Quote exactly, and only, the lines from the one containing "随后,田园书记向各连军训队伍" through the end of the material below. Skip pictures.

→ The data:
········

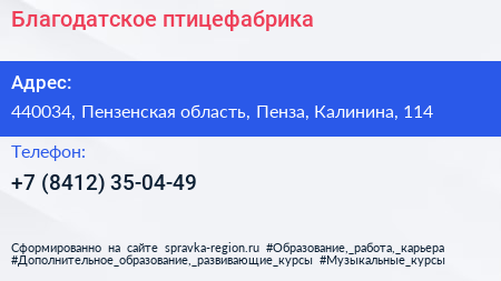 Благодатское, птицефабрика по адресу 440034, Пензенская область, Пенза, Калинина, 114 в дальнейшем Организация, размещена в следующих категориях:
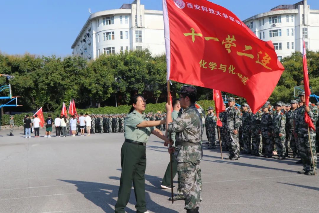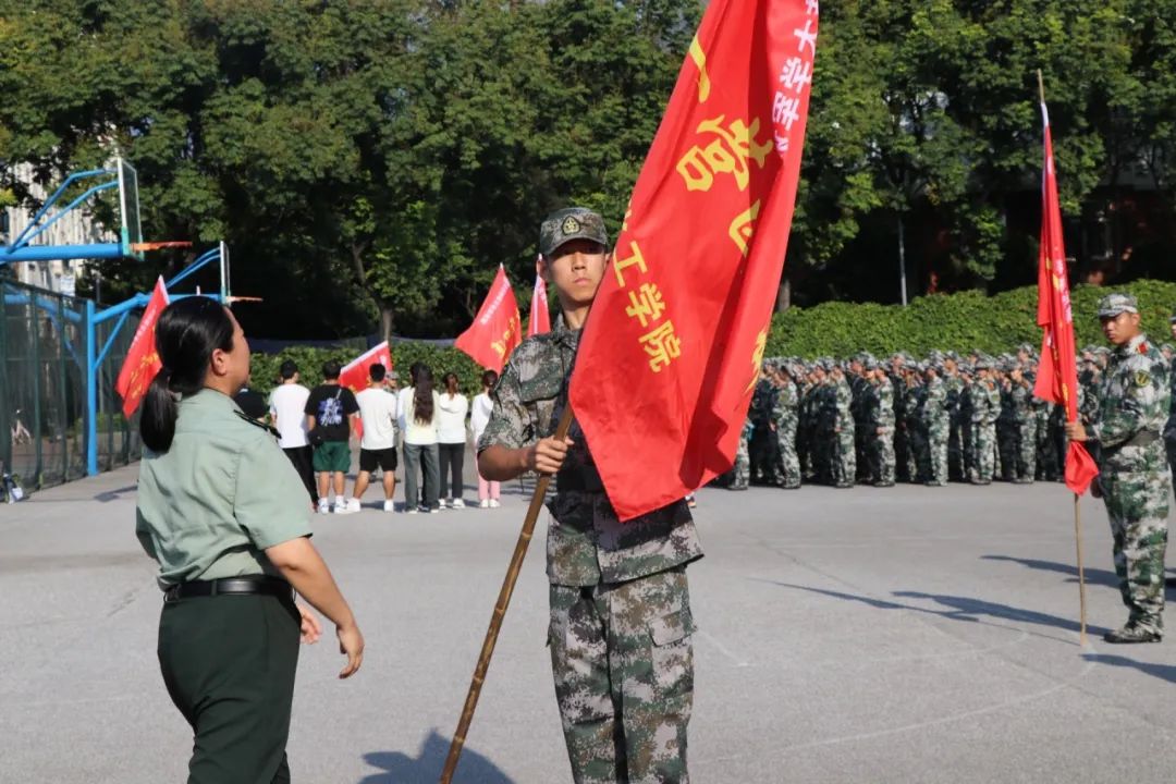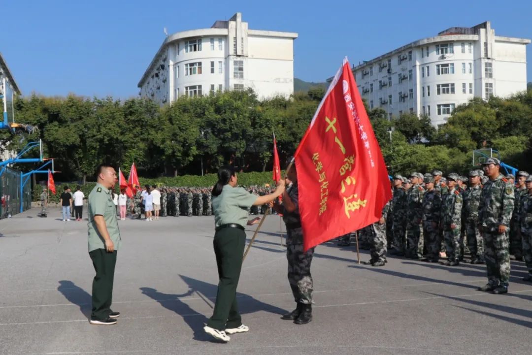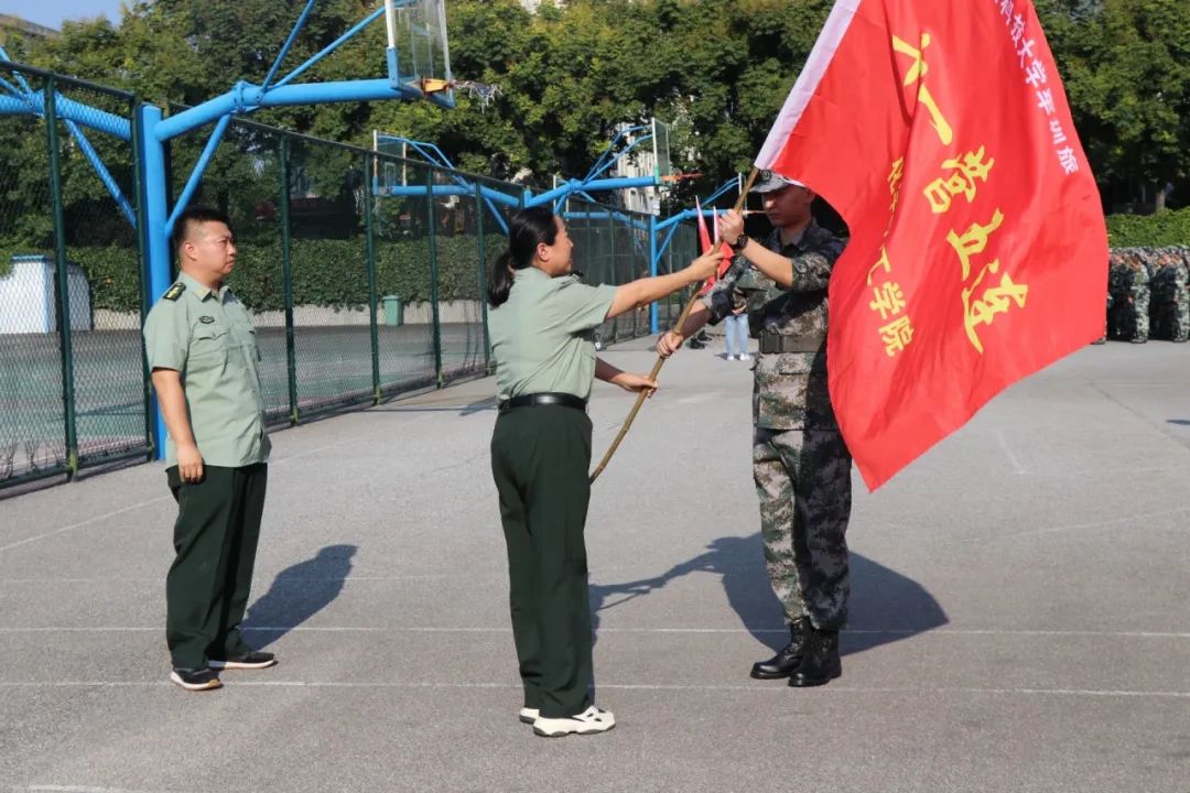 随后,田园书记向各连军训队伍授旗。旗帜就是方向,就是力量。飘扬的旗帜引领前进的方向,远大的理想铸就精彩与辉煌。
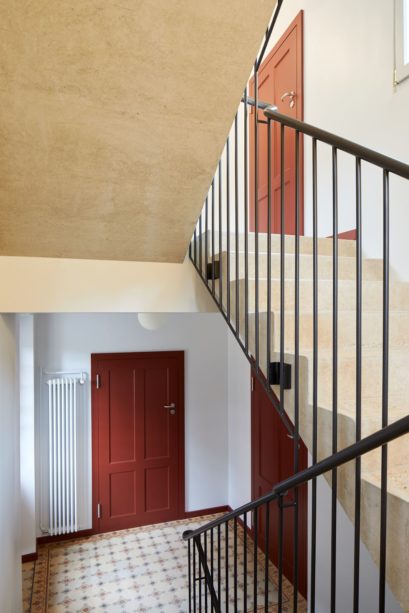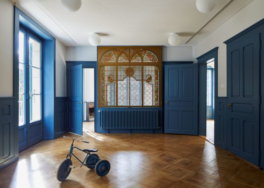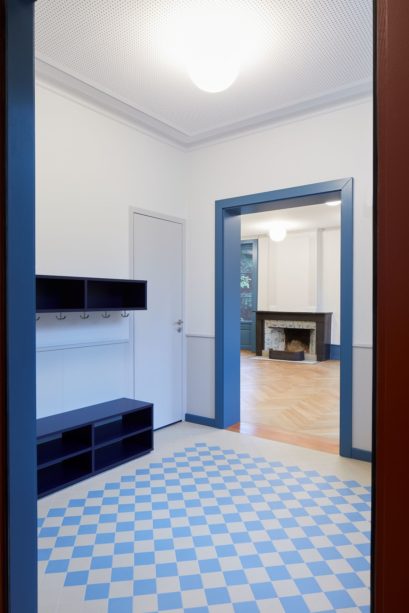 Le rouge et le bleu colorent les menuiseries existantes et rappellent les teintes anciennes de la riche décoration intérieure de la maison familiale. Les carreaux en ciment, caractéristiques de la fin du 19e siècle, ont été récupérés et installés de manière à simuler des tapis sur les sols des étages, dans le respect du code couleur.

········

→ Solution:
 随后,田园书记向各连军训队伍授旗。旗帜就是方向,就是力量。飘扬的旗帜引领前进的方向,远大的理想铸就精彩与辉煌。
 Le rouge et le bleu colorent les menuiseries existantes et rappellent les teintes anciennes de la riche décoration intérieure de la maison familiale. Les carreaux en ciment, caractéristiques de la fin du 19e siècle, ont été récupérés et installés de manière à simuler des tapis sur les sols des étages, dans le respect du code couleur.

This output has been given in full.